Index

DIY Arduino

Construction

An Embedded Board

Compact, Low Cost, DIY, Arduino Compatible



images/1-1.png

This article describes the construction of a compact, Arduino compatible board which can be used stand-alone, plugged into a prototyping board or built on to a larger board as part of a more complex project. It is 20mm by 44mm and uses an ATmega328 chip and can be programmed via a low cost USB to TTL serial cable using the Arduino IDE. The board is designed to be powered directly from the programming cable, therefore no on-board voltage regulator is required. Many low cost USB to TTL serial cables only provide four connections, i.e. 0v, 5v and TTL level Rx and Tx, with no reset line. Programming the chip therefore requires the reset button to be pressed as soon as the Arduino IDE status indicator changes from “Compiling sketch...” to “Uploading...”. Making the board using copper stripboard is straightforward and no custom PCB is required. Many people built “one-off” projects where the design and construction of a PCB is an unnecessary overhead, and the design described here can be fitted into one corner of a larger stripboard which may host other components and custom electronics.

Parts List

1 x 2,54mm (0.1") stripboard with at least 17 holes horizontally and 8 holes vertically with the copper strips running parallel to the short edge of the board.
1 x 28-pin DIL socket
1 x any ATmega328 chip, typically ATmega328P or ATmega328PU. It is best if this has already been flashed with a suitable boot-loader, i.e. Uno or Duemilanove.
1 x 16MHz crystal with approx 5.08mm (0.2") lead spacing.
2 x 22pf capacitors. These need to be relatively small disc type capacitors to fit the limited space available. See images in the Construction section.
1 x 1k resistor 0.25W.
1 x 470 ohm resistor 0.25W.
1 x Small LED to fit 2.54mm (0.1") hole spacing.
1 x Tactile switch for reset switch. Note: The one shown in the above image has two leads that will fit a 5.08mm hole spacing. Some similar switches with four leads may be difficult to fit in the available space.
1 x 4-way PCB socket strip.
Some short lengths of tinned copper wire.

In addition, either

1 x 3-way PCB header socket
1 x 4-way PCB header socket
1 x 14-way PCB header socket These can be made up from a number of smaller sockets but may need some filling to get them to fit side-by-side.

or

1 x 3-way PCB header plug
1 x 4-way PCB header plug
1 x 14-way PCB header plug These can be double ended plugs designed to take connection on both sides of a board or can be made from single sided plugs by carefully sliding the plastic spacer to one end of the pins with a straight edge such as a steel rule.

The Schematic

Very little circuitry is required to power and allow an ATmega328 chip to upload and run programs. The function of the majority of the pins on the chip will be determined by uploading software to it.

images/1-2.png

A typical USB to TTL Serial cable

Cables like this can be used to upload software to the board and communicate with programs when they are running. The black connection on the cable shown below is ground (0v), the red connection provides +5 volts (5v), the green connection provides transmitted data (Tx) from the computer the USB end of the cable is plugged into, and the white connection accepts data transmitted from, in this case, from the 328 chip. Other cables may vary. As long as you can determine which are the power connections on a specific cable, you should be able to work out the correct way round for the data connection by trial and error without damaging the chip. Always unplug the USB end of the cable before removing the connections to the board as transients can destroy the Rx input and prevent software from being uploaded.

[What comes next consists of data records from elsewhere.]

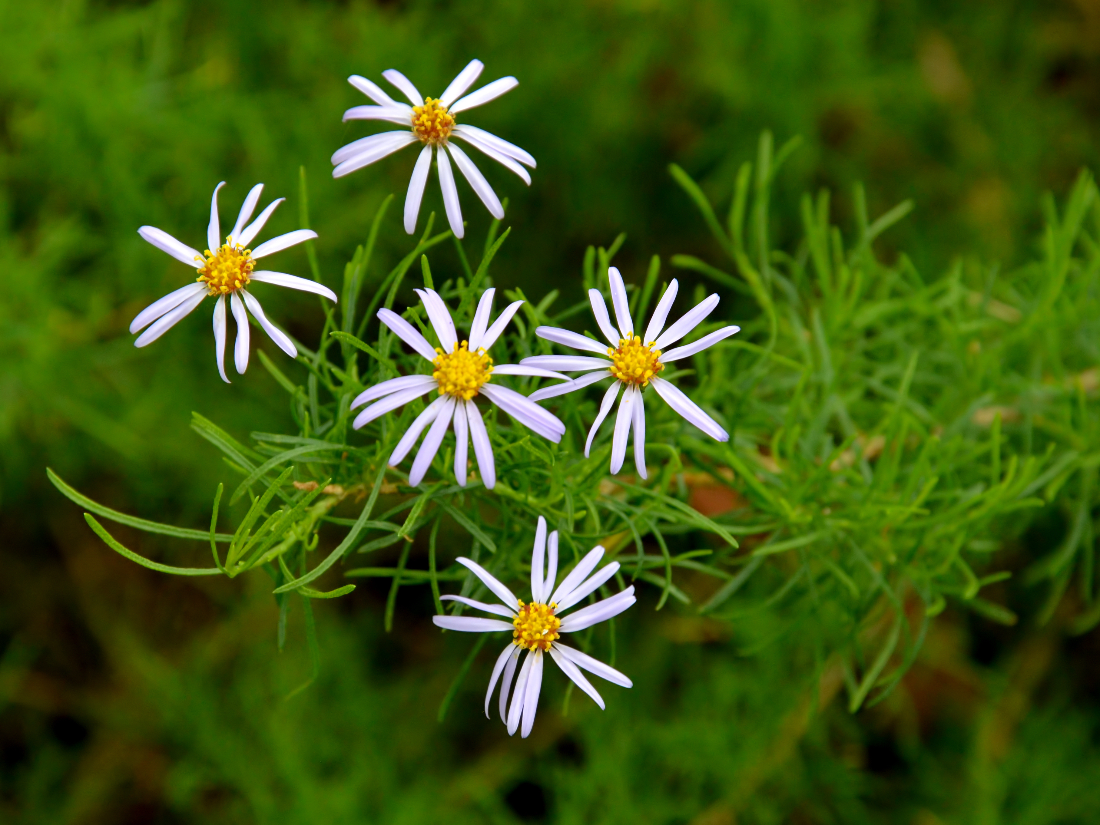 Fine-leaved Felicia at Kew Gardens, London, UK.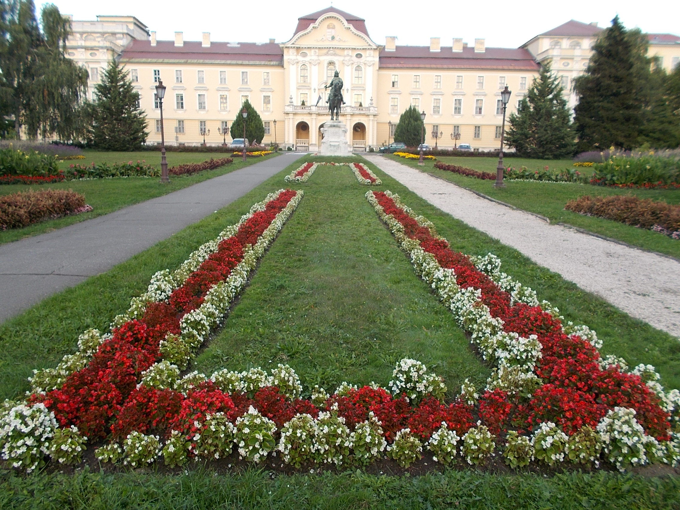 Statue of Coloman of Galicia (Prince Kálmán). Equestrian bronz equestrian statue in 1931, work of József Rona, made Neo-Baroque style. Located: in front of the monastery's entrance, stands in the center of the park between two walking trails. - Main Building of University of Gödöllő. (Szent István University main building). Former Premontrean high school, college and monastery. Built based on plans of Robert K. Kertész and GyulaSvab, 1923-29, Neo-Baroque. - Páter Károly Street, Gödöllő, Pest County, Hungary.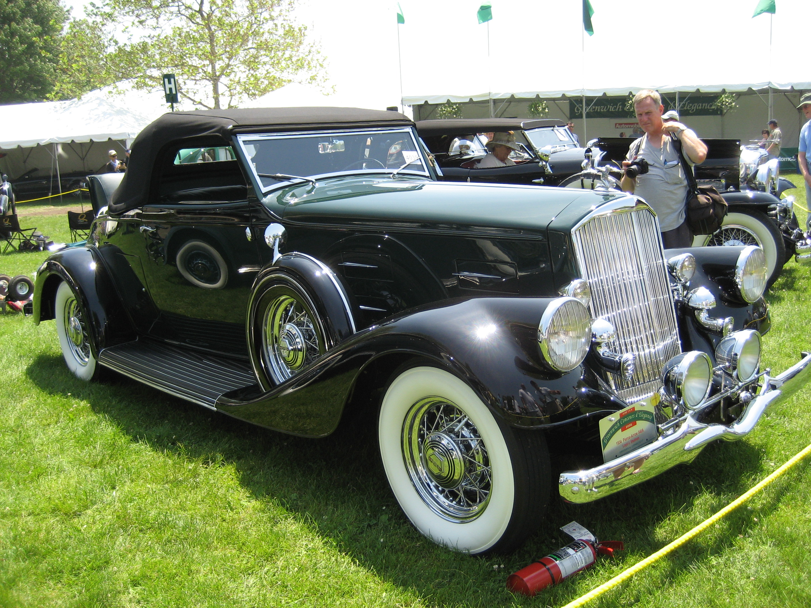 1934 Pierce-Arrow Model 840A photographed at the 2008 Greenwich Concours d'Elegance in Greenwich, Connecticut.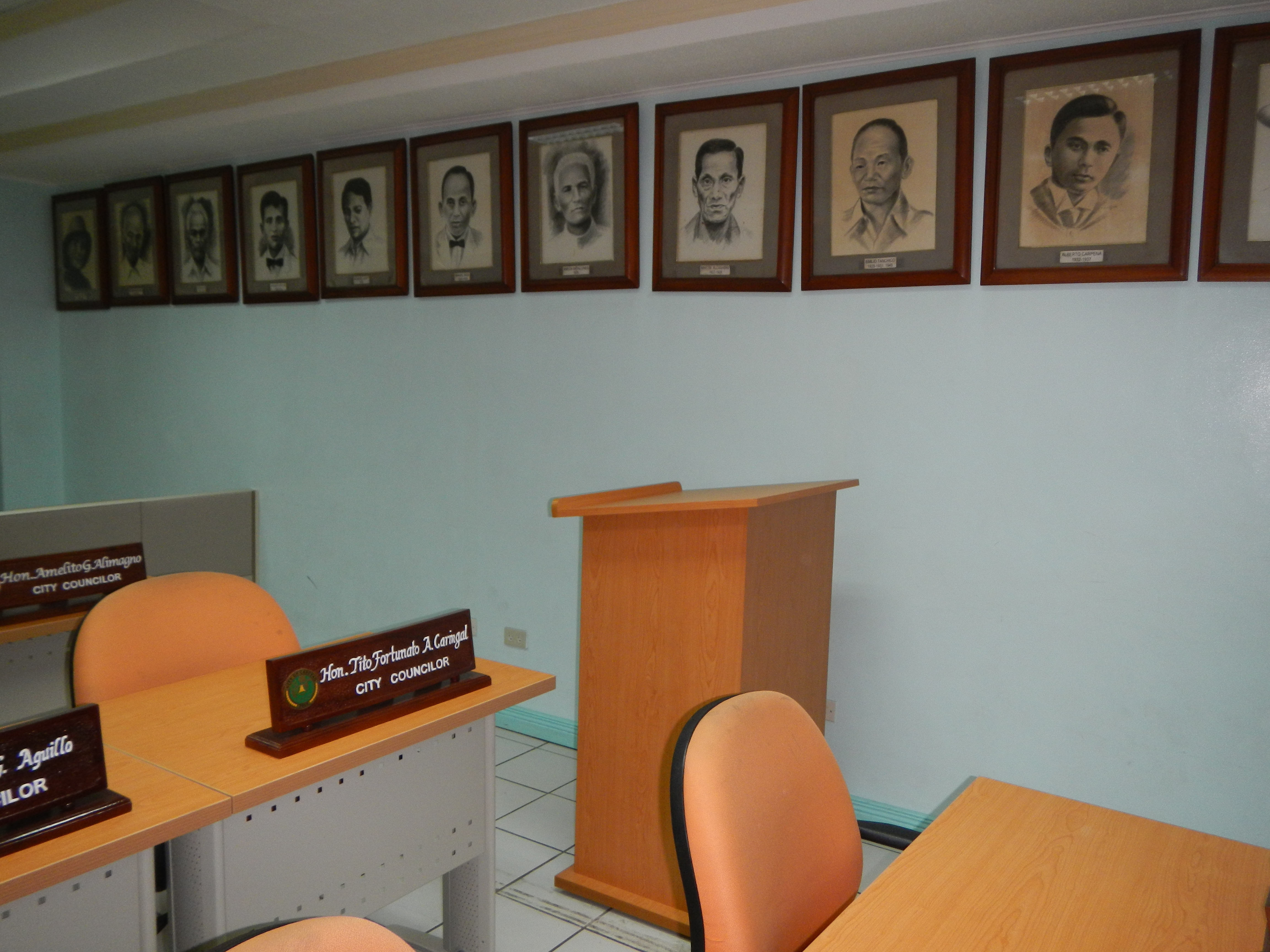 UploadWizard photos --- (general description) of (landmarks, heritage, culture, comprehensive, photography) of -- the -- Cabuyao City Hall[1] located in Brgy. Sala, Cabuyao [2] Cabuyao City, Laguna Coordinates:14°16'17"N 121°7'27"E homes the Cabuyao City Hall, Cabuyao City Police Station, Cabuyao City Jail and Cabuyao Fire Station. --- Cabuyao[3] (City of Cabuyao is a first class city in the western portion of Laguna, Philippines - 2010 Census, population of 248,436 inhabitants, area: 43.3 km²Website Cabuyao, Laguna, is newest city President Benigno Aquino, on May 16, 2012, signed the executive order directing the conversion of Cabuyao to a component city under Republic Act No. 10163 -[4] Coordinates: 14°15'0"N 121°6'20"E).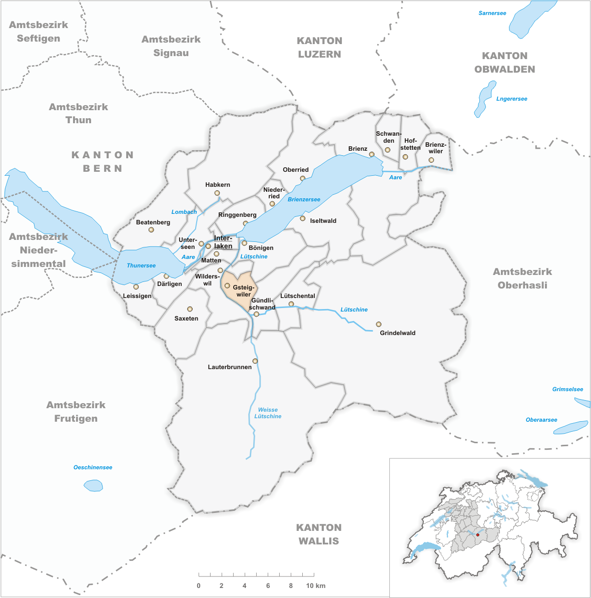 Municipality Gsteigwiler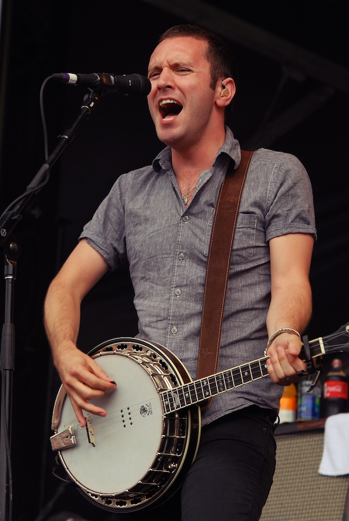 Dropkick Murphys at the 2011 Cisco Ottawa Bluesfest. By: Brennan Schnell

Obviously it is important to get the 0v and 5v power connections the correct way round, but the serial connection will not function correctly if Rx and Tx are not connected the right way round. The Tx connection on the cable must be connected to Rx on the board, and Rx on the cable must be connected to Tx on the board. That is, when the computer transmits, the board must receive, and when the board transmits the computer must receive.

Connections like those shown in the picture below can be held together with a small piece of tape to keep them in the same order as the programming pins on the board, however you still have to remember to connect the whole thing the right way round!